[[ DATA FOR PROCESSING, beginning ]]

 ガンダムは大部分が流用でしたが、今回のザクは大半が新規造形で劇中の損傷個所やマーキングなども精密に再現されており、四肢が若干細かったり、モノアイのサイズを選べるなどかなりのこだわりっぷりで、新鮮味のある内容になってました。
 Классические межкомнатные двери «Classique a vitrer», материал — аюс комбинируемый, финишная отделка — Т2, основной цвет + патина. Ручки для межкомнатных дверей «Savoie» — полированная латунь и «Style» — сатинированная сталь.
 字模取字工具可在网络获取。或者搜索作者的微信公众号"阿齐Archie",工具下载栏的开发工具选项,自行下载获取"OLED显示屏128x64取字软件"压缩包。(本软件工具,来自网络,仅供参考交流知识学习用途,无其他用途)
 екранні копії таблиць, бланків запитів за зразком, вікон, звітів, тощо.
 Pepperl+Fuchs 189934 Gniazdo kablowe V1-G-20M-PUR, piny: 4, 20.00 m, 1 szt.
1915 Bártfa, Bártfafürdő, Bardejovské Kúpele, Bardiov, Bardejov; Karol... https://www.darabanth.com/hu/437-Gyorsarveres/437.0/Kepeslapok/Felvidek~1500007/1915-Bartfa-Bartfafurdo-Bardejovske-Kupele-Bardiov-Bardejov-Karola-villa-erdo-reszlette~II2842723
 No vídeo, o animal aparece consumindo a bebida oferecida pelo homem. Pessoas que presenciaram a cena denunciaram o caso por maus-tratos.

[[ DATA FOR PROCESSING, end ]]
[[ DATA FOR PROCESSING, beginning ]]

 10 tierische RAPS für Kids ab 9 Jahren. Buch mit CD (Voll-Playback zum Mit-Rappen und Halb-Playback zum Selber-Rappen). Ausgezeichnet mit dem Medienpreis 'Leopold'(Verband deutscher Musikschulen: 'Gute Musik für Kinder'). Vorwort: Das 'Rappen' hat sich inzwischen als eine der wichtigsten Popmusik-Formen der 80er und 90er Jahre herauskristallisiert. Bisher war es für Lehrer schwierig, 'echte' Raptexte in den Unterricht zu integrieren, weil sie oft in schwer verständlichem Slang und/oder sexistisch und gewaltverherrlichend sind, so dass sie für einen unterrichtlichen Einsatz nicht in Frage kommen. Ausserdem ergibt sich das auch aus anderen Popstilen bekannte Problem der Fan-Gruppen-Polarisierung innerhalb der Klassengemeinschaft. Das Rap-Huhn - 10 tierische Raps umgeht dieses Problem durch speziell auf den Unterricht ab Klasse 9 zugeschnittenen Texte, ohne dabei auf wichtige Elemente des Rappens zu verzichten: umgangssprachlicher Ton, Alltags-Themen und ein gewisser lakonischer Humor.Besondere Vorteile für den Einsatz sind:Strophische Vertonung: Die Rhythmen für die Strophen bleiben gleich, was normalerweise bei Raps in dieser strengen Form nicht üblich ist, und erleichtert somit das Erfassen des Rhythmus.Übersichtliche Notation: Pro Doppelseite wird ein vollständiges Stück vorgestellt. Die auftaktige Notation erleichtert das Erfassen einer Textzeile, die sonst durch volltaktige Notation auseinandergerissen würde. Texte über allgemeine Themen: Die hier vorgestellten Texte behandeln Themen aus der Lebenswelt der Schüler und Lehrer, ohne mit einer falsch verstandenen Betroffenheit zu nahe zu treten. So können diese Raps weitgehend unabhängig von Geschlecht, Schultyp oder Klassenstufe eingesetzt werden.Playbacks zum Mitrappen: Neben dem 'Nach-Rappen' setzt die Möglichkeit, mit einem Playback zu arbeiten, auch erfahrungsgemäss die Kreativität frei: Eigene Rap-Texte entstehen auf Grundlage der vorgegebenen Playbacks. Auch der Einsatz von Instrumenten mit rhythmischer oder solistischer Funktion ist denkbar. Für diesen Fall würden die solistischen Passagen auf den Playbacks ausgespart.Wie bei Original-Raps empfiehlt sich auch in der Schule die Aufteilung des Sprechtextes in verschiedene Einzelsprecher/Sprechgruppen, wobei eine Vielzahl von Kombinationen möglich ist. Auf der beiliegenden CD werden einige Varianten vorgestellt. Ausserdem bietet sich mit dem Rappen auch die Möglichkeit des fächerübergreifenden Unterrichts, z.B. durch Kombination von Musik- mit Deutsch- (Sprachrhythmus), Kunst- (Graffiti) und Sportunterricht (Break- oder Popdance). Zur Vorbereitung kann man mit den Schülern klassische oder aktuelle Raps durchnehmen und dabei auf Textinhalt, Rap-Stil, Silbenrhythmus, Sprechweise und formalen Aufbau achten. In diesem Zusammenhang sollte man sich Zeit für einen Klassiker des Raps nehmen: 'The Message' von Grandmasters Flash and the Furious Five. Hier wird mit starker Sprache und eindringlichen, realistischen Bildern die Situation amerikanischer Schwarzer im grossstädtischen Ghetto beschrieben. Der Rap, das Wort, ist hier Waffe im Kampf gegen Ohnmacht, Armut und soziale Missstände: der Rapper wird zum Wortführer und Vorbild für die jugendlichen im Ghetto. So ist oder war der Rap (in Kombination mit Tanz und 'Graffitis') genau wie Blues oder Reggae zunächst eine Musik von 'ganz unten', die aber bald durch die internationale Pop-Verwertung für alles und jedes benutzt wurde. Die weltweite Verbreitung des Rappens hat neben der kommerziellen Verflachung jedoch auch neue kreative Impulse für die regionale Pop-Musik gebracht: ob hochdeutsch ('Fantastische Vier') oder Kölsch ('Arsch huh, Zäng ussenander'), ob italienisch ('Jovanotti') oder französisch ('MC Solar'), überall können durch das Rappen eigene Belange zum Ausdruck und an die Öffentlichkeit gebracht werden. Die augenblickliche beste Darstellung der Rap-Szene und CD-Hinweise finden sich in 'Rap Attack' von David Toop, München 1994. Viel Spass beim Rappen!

[[ DATA FOR PROCESSING, end ]]

_PROBLEM_
Go to the line in the material above that contains "ガンダムは大部分が流用でした" and copy exactly from there through the line that contains "字模取字工具可在网络获取。或", stopping after it.

_SOLVED EXERCISE_
 ガンダムは大部分が流用でしたが、今回のザクは大半が新規造形で劇中の損傷個所やマーキングなども精密に再現されており、四肢が若干細かったり、モノアイのサイズを選べるなどかなりのこだわりっぷりで、新鮮味のある内容になってました。
 Классические межкомнатные двери «Classique a vitrer», материал — аюс комбинируемый, финишная отделка — Т2, основной цвет + патина. Ручки для межкомнатных дверей «Savoie» — полированная латунь и «Style» — сатинированная сталь.
 字模取字工具可在网络获取。或者搜索作者的微信公众号"阿齐Archie",工具下载栏的开发工具选项,自行下载获取"OLED显示屏128x64取字软件"压缩包。(本软件工具,来自网络,仅供参考交流知识学习用途,无其他用途)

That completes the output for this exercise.